**Task item:**
Copy each line below exactly as it appears. Pictures are to be omitted.

[Stored dataset items]
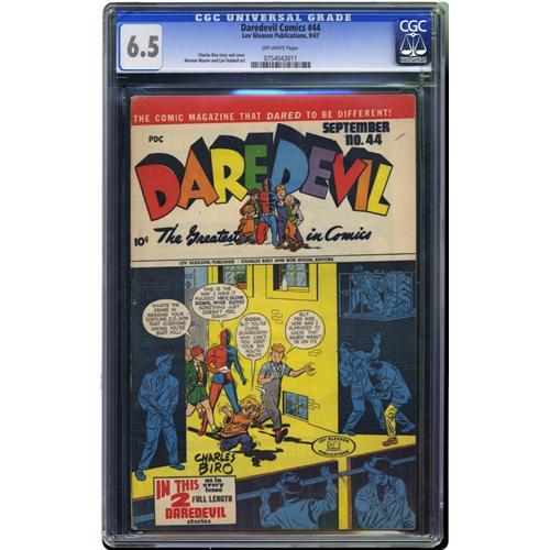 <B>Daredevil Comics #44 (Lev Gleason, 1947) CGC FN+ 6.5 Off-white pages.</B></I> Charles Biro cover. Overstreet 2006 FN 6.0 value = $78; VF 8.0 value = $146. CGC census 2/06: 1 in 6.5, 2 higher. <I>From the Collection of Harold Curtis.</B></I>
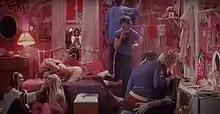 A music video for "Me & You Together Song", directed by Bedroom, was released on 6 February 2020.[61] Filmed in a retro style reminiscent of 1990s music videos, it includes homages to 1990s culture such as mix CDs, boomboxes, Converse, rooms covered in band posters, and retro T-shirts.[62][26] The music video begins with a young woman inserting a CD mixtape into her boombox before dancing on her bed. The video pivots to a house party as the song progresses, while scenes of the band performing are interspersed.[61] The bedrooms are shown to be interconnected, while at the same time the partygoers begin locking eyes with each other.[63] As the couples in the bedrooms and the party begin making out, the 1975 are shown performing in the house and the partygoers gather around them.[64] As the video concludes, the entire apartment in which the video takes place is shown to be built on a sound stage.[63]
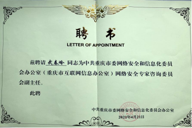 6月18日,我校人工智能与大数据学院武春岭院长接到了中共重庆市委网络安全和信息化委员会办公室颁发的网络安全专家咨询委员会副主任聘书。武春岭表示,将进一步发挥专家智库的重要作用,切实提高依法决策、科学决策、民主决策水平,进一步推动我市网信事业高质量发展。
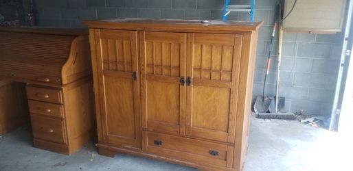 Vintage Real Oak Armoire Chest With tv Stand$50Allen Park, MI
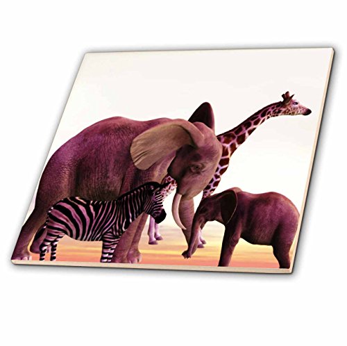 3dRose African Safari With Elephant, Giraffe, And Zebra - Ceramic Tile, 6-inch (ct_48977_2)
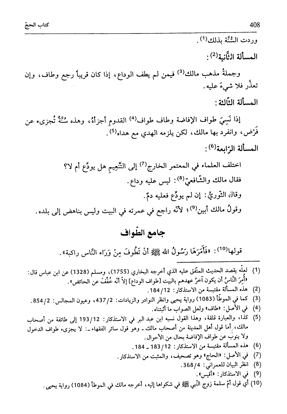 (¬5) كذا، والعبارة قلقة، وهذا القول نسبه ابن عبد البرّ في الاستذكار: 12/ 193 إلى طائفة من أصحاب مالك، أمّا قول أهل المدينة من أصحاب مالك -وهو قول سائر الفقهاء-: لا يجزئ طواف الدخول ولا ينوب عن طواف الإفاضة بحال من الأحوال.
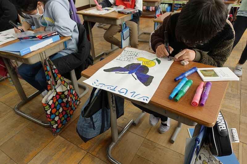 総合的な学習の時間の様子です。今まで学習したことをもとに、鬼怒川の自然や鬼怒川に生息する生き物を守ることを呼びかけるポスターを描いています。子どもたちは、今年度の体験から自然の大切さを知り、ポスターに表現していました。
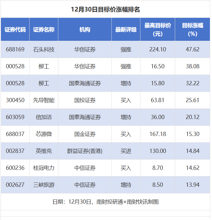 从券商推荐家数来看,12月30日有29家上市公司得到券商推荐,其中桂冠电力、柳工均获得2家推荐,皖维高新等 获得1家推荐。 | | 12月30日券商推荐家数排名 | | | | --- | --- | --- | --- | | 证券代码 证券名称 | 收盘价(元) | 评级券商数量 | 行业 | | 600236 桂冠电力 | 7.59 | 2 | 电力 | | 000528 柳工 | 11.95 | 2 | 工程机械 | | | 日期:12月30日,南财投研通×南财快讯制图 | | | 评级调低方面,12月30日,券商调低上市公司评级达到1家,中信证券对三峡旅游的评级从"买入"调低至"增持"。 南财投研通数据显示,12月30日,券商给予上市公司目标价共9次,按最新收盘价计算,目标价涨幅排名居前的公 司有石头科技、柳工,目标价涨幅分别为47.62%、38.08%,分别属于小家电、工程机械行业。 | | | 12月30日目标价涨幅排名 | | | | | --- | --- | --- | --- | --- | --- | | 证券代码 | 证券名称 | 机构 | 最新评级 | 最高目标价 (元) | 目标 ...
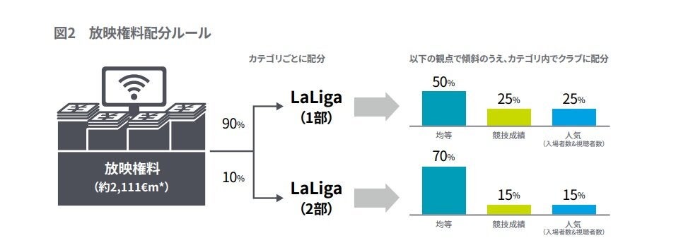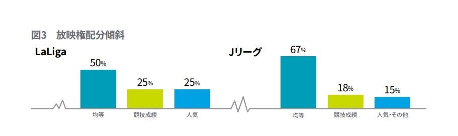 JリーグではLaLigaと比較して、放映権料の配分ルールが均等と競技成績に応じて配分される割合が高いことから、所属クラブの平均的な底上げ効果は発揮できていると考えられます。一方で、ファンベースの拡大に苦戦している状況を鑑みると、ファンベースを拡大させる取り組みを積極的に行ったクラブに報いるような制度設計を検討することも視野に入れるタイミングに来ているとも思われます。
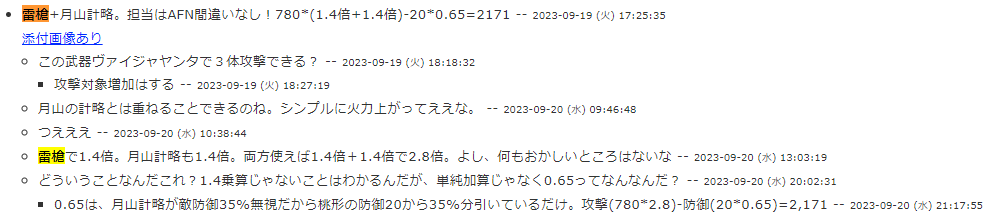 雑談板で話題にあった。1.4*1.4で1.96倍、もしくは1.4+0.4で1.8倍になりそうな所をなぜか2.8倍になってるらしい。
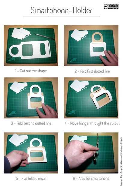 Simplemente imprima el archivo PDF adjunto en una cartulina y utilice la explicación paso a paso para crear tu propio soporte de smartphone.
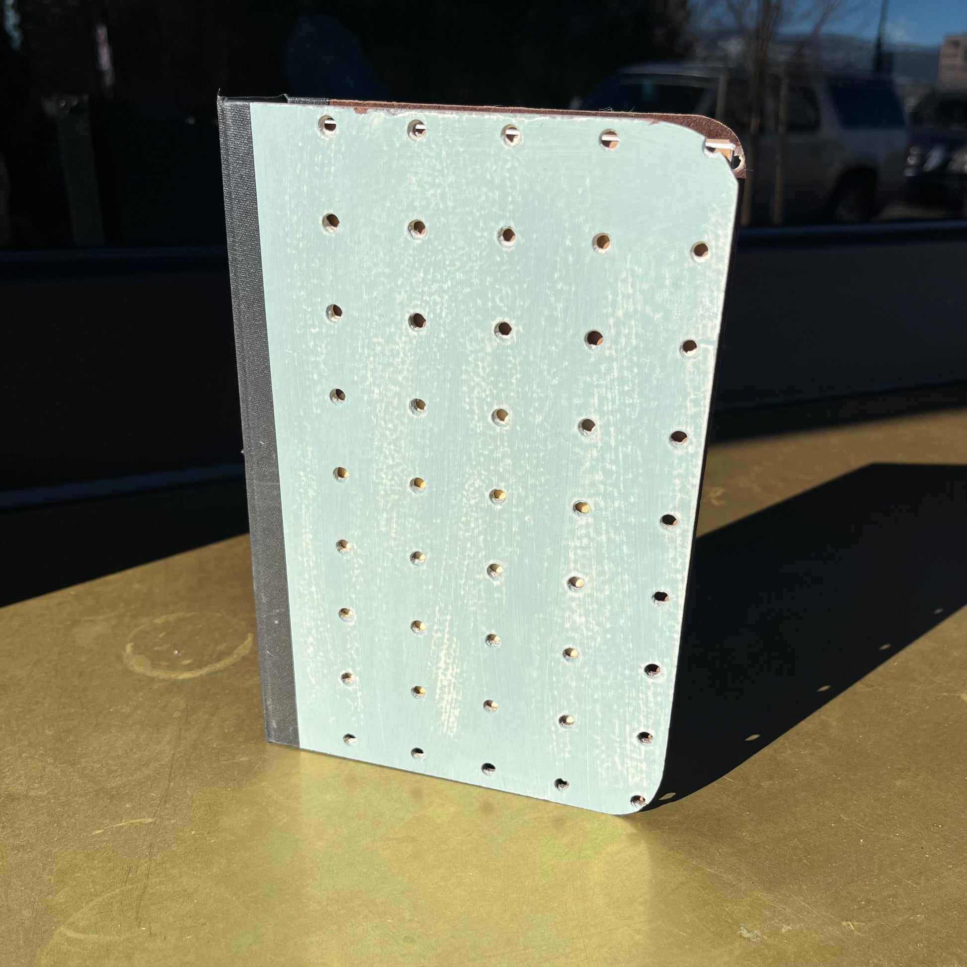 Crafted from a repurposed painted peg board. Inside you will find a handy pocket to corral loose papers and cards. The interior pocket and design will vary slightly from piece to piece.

**Solved exercise:**
 <B>Daredevil Comics #44 (Lev Gleason, 1947) CGC FN+ 6.5 Off-white pages.</B></I> Charles Biro cover. Overstreet 2006 FN 6.0 value = $78; VF 8.0 value = $146. CGC census 2/06: 1 in 6.5, 2 higher. <I>From the Collection of Harold Curtis.</B></I>
 A music video for "Me & You Together Song", directed by Bedroom, was released on 6 February 2020.[61] Filmed in a retro style reminiscent of 1990s music videos, it includes homages to 1990s culture such as mix CDs, boomboxes, Converse, rooms covered in band posters, and retro T-shirts.[62][26] The music video begins with a young woman inserting a CD mixtape into her boombox before dancing on her bed. The video pivots to a house party as the song progresses, while scenes of the band performing are interspersed.[61] The bedrooms are shown to be interconnected, while at the same time the partygoers begin locking eyes with each other.[63] As the couples in the bedrooms and the party begin making out, the 1975 are shown performing in the house and the partygoers gather around them.[64] As the video concludes, the entire apartment in which the video takes place is shown to be built on a sound stage.[63]
 6月18日,我校人工智能与大数据学院武春岭院长接到了中共重庆市委网络安全和信息化委员会办公室颁发的网络安全专家咨询委员会副主任聘书。武春岭表示,将进一步发挥专家智库的重要作用,切实提高依法决策、科学决策、民主决策水平,进一步推动我市网信事业高质量发展。
 Vintage Real Oak Armoire Chest With tv Stand$50Allen Park, MI
 3dRose African Safari With Elephant, Giraffe, And Zebra - Ceramic Tile, 6-inch (ct_48977_2)
 (¬5) كذا، والعبارة قلقة، وهذا القول نسبه ابن عبد البرّ في الاستذكار: 12/ 193 إلى طائفة من أصحاب مالك، أمّا قول أهل المدينة من أصحاب مالك -وهو قول سائر الفقهاء-: لا يجزئ طواف الدخول ولا ينوب عن طواف الإفاضة بحال من الأحوال.
 総合的な学習の時間の様子です。今まで学習したことをもとに、鬼怒川の自然や鬼怒川に生息する生き物を守ることを呼びかけるポスターを描いています。子どもたちは、今年度の体験から自然の大切さを知り、ポスターに表現していました。
 从券商推荐家数来看,12月30日有29家上市公司得到券商推荐,其中桂冠电力、柳工均获得2家推荐,皖维高新等 获得1家推荐。 | | 12月30日券商推荐家数排名 | | | | --- | --- | --- | --- | | 证券代码 证券名称 | 收盘价(元) | 评级券商数量 | 行业 | | 600236 桂冠电力 | 7.59 | 2 | 电力 | | 000528 柳工 | 11.95 | 2 | 工程机械 | | | 日期:12月30日,南财投研通×南财快讯制图 | | | 评级调低方面,12月30日,券商调低上市公司评级达到1家,中信证券对三峡旅游的评级从"买入"调低至"增持"。 南财投研通数据显示,12月30日,券商给予上市公司目标价共9次,按最新收盘价计算,目标价涨幅排名居前的公 司有石头科技、柳工,目标价涨幅分别为47.62%、38.08%,分别属于小家电、工程机械行业。 | | | 12月30日目标价涨幅排名 | | | | | --- | --- | --- | --- | --- | --- | | 证券代码 | 证券名称 | 机构 | 最新评级 | 最高目标价 (元) | 目标 ...
 JリーグではLaLigaと比較して、放映権料の配分ルールが均等と競技成績に応じて配分される割合が高いことから、所属クラブの平均的な底上げ効果は発揮できていると考えられます。一方で、ファンベースの拡大に苦戦している状況を鑑みると、ファンベースを拡大させる取り組みを積極的に行ったクラブに報いるような制度設計を検討することも視野に入れるタイミングに来ているとも思われます。
 雑談板で話題にあった。1.4*1.4で1.96倍、もしくは1.4+0.4で1.8倍になりそうな所をなぜか2.8倍になってるらしい。
 Simplemente imprima el archivo PDF adjunto en una cartulina y utilice la explicación paso a paso para crear tu propio soporte de smartphone.
 Crafted from a repurposed painted peg board. Inside you will find a handy pocket to corral loose papers and cards. The interior pocket and design will vary slightly from piece to piece.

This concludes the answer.